Na dodanie kotletów sojowych do sałatki zainspirował mnie pewien przepis z gazetki ” Przyślij przepis „, to był dobry pomysł. Szwagier miał problem z odgadnięciem czym jest tajemniczy składnik. Nawet padały sugestie, że krewetki albo piersi z kurczaka. Faktycznie gdybym ja musiała zgadywać też myślałabym, ze jest tam mięso. Sałatka naprawdę smaczna, szybka w przygotowaniu nie licząc wcześniejszego gotowania kotletów sojowych i studzenia ale to można przygotować dużo wcześniej nawet dzień wcześniej.
Składniki :
- opakowanie kotletów sojowych
- puszka tuńczyka w oleju
- 1/2 puszki tuńczyka chilli ( jeśli wolicie łagodne smaki lub nie możecie dostać pikantnego dodajcie drugą puszkę tuńczyka w oleju a pikanterii dodajcie mielone chilli)
- 4 jaja
- pęczek szczypiorku
- puszka groszku konserwowego
- puszka kukurydzy konserwowej
- 3 czubate łyżki majonezu
- 3 czubate łyżki jogurtu naturalnego
- 1,5-2 łyżeczki musztardy dijon
- sól, pieprz
Kotlety sojowe gotujemy według zaleceń na opakowaniu. Ja zawsze wrzucam je na wrzątek z dodatkiem kostki rosołowej warzywnej albo z kurczaka, dokładam ziele angielskie, liść laurowy i zioła jak majeranek,oregano,bazylia,curry doprawiam pieprzem, łagodnym chilli. Gotuje 10 minut, odcedzam i studzę na sicie.

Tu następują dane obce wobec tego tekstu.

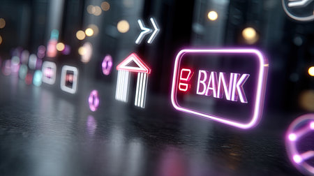This captivating neon illuminated bank sign shines brightly against a modern city skyline at night, showcasing a blend of technology and urban ambiance.

Jaja gotujemy na twardo studzimy, tniemy w kostkę. Kotlety sojowe również tniemy na mniejsze kawałki. Tuńczyka odsączamy z nadmiaru oleju i rękoma kruszymy do miski, z chilli najlepiej rozkruszyć widelcem. Szczypiorek siekamy drobno. Groszek i kukurydzę odsączamy na durszlaku.
W osobnej misce łączymy jogurt i majonez, dodajemy musztardę, sól, pieprz, mieszamy. Wszystkie składniki łączymy. Dobrze mieszamy. Doprawiamy solą i pieprzem.